Paper #20
Gemini: A Family of Highly Capable Multimodal Models (2023)
AI-generated
Google's Gemini is a natively multimodal model family trained from the ground up on text, images, audio, and video interleaved together, rather than bolting vision onto a text model after training.
Unlike GPT-4 and Claude 3, which are primarily text models with vision added, Gemini was designed from inception to process and reason across multiple modalities simultaneously. It can understand images, video, and audio alongside text in a unified architecture.
The family includes Ultra (most capable), Pro (balanced), and Nano (efficient, for on-device use). Gemini Ultra was the first model to exceed human expert performance on the MMLU benchmark (a massive multitask language understanding test covering 57 subjects).

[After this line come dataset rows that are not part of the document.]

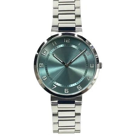 This exquisite watch features a sleek silver stainless steel design, providing a sophisticated backdrop for its ice blue dial. The dial creating a perfect balance between femininity and contemporary fashion.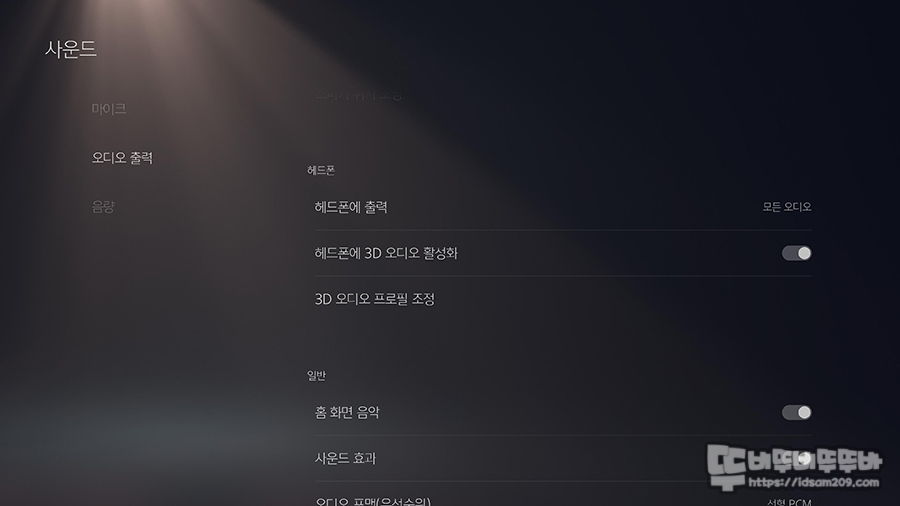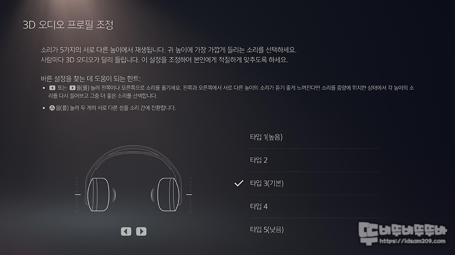 이 메뉴를 활성화하고 "3D 오디오 프로필 조정"을 선택하면 5 단계의 타입으로 3D 오디오를 선택하게 됩니다.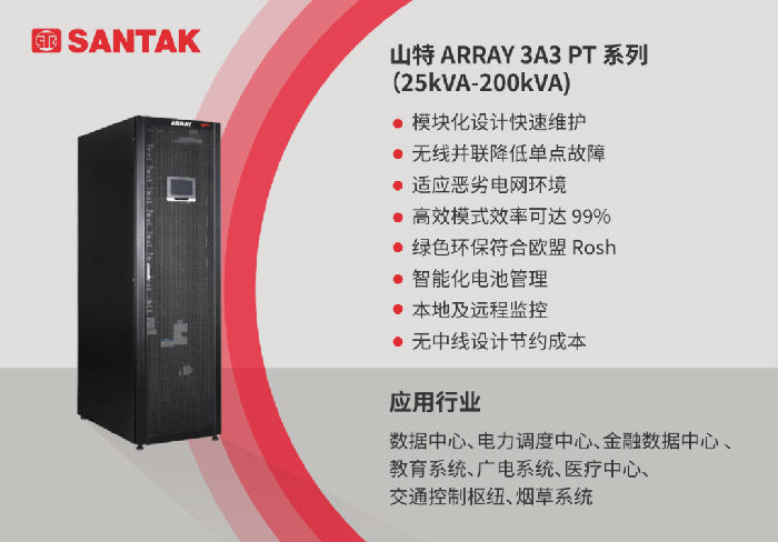 山特 ARRAY 3A3 PT 系列 25kVA-200kVA UPS,是山特新型的三进三出模块化 UPS,采用智能热插拔技术,集模块化设计、高效节能、锂电储能技术、灵活扩展及便捷安装为一体,通过智能无线并联技术可水平扩展至 800kW,可为电力调度中心提供稳定、可靠的电力保障。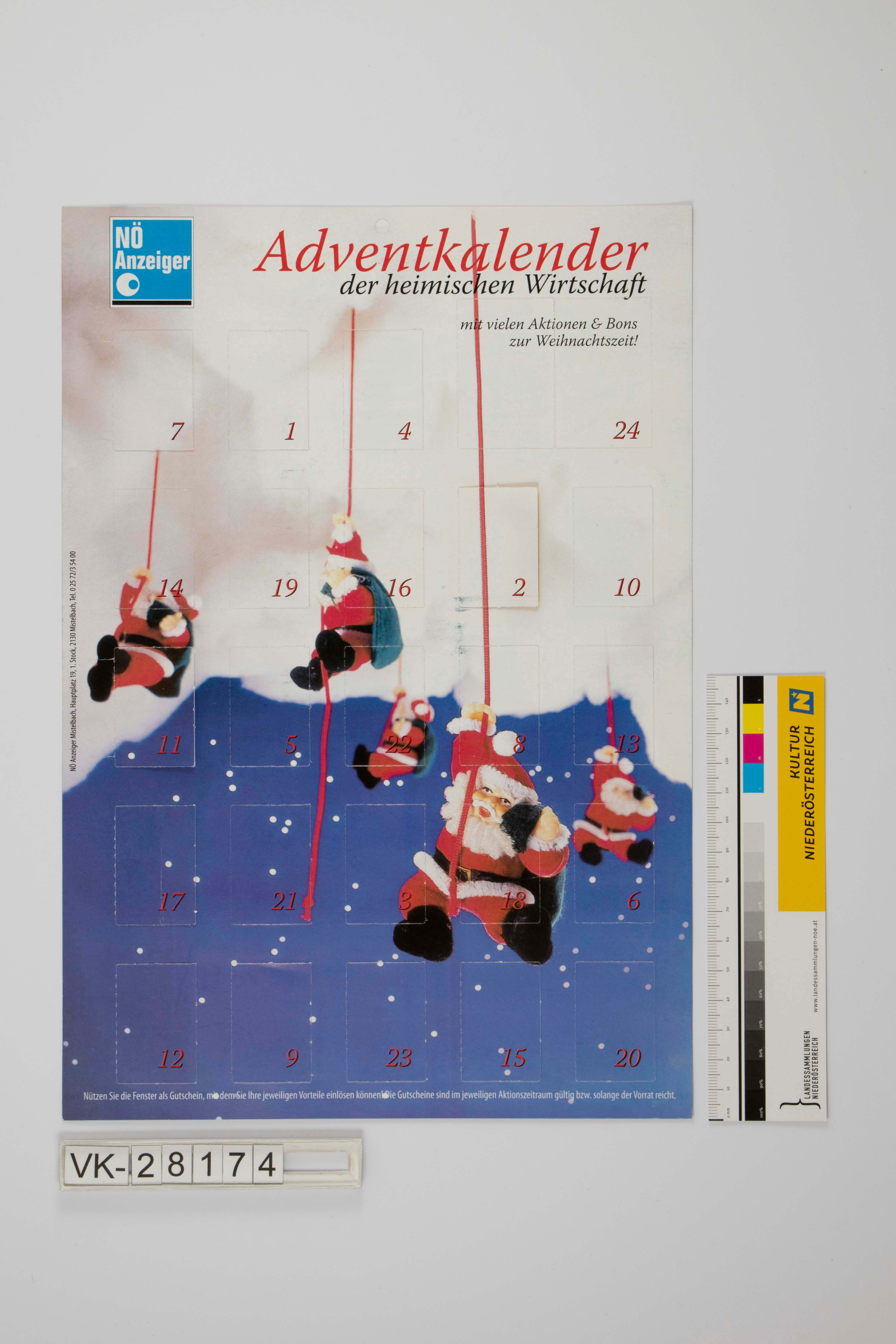Hängeadventkalender, Hochformat; Adventkalender der heimischen Wirtschaft mit Aktionen und Bons hinter den Türchen, Fotografie von hängenden Weihnachtsmannfiguren; Logo des NÖ Anzeigers oben links, Aufhängelochung oben mittig und Herkunftsangaben seitlich links, auf der Rückseite Rezept.
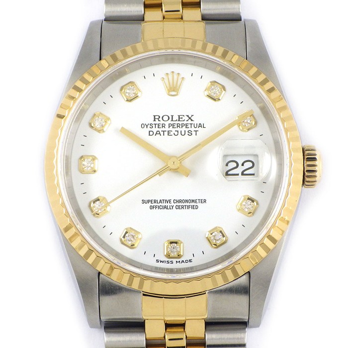 【レビュー1000件記念★対象品3%OFF】 ロレックス Rolex 腕時計 デイトジャスト 16233G P番 2000年製 10ポイント ダイヤインデックス ホワイト文字盤 デイト K18YG SS 自動巻き 【箱・保付き】 【中古】

Native multimodality is a significant architectural choice. When a model is trained on interleaved modalities from the start, it develops more natural cross-modal reasoning. Instead of translating images to text-like representations, Gemini reasons about images and text in a unified way.
The Nano variant is particularly important: it brings capable AI to mobile devices and edge computing, enabling on-device AI that works without internet connectivity.
Gemini's release intensified the competition between Google, OpenAI, and Anthropic, accelerating progress across the entire field.
Authors: Gemini Team, Google (team paper).
Model family: Gemini Ultra, Pro, and Nano.
Key benchmark: First model to exceed human expert performance on MMLU (90.0% vs. 89.8%).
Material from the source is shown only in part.